STRATEGIC PLANNING:

I.T. BUDGETS AND I.T. ORGANIZATIONAL STRUCTURES

What is Strategic Information Systems Planning?
“The process of deciding objectives for organizational computing, and identifying potential computer applications which the organization should implement, including operating and capital bugeting and sometimes changes in organizational structure.”

In general:

We argue that IT strategies must be aligned with business strategies.
But this is rarely done--SISP is a big IT management issue
Next time we will discuss the impediments to SISP and possible ways to overcome them.
This time, we will cover background information on IT budgets and organizational structure.

I.T. FUNCTIONS

Operations: Run data centers including mainframes, printers, OCR; provide hardware maintenance, provide security control, store user data on tape and DASD, run backs up, disaster recovery, help desks

Applications Development: Develop new business applications

Applications Support: Maintain business applications including fixes, enhancements, upgrades

End User Support: Training, consulting, end-user computing (spreadsheets, 4thGL, Word processors)

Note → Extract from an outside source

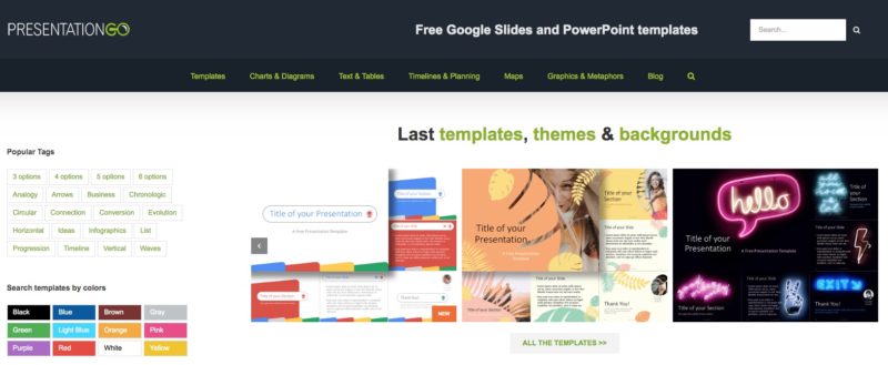 Un sito super aggiornato e molto moderno dove cercare e scaricare sfondi e modelli PowerPoint gratis. Assolutamente consigliato, soprattutto per le grafiche molto moderne presenti al suo interno.

Telecom & Networks: Interconnectivity; phone lines, data lines, VANs, EDI, servers, protocols, microwaves, satellites, fiber optics, etc.

Residual Services: Office moves, report delivery, security requests, billing,

IT management: Create IT strategy, budget decisions, sourcing decisions, negotiate/monitor suppliers and vendors; set policies & standards, environmental scanning for new technologies, system development methodologies, recruiting and training of IT personnel, measures of IT performance & benchmarking,

I.T. BUDGETS

Operating Budgets

Expenses incurred for products and services used in a given year

Examples:

hardware maintenance
software licensing fees
IT salaries

Capital Budgets

Investments on assets for products and services that are used over multiple years

Examples:

investment in a new mainframe
development of a large integrated software system

Questions:

I.T. OPERATING BUDGETS

How much do organizations spend on IT?

MINOLI’S TABLE

How are operating budgeting decisions made? How are these costs distributed across the entire organization?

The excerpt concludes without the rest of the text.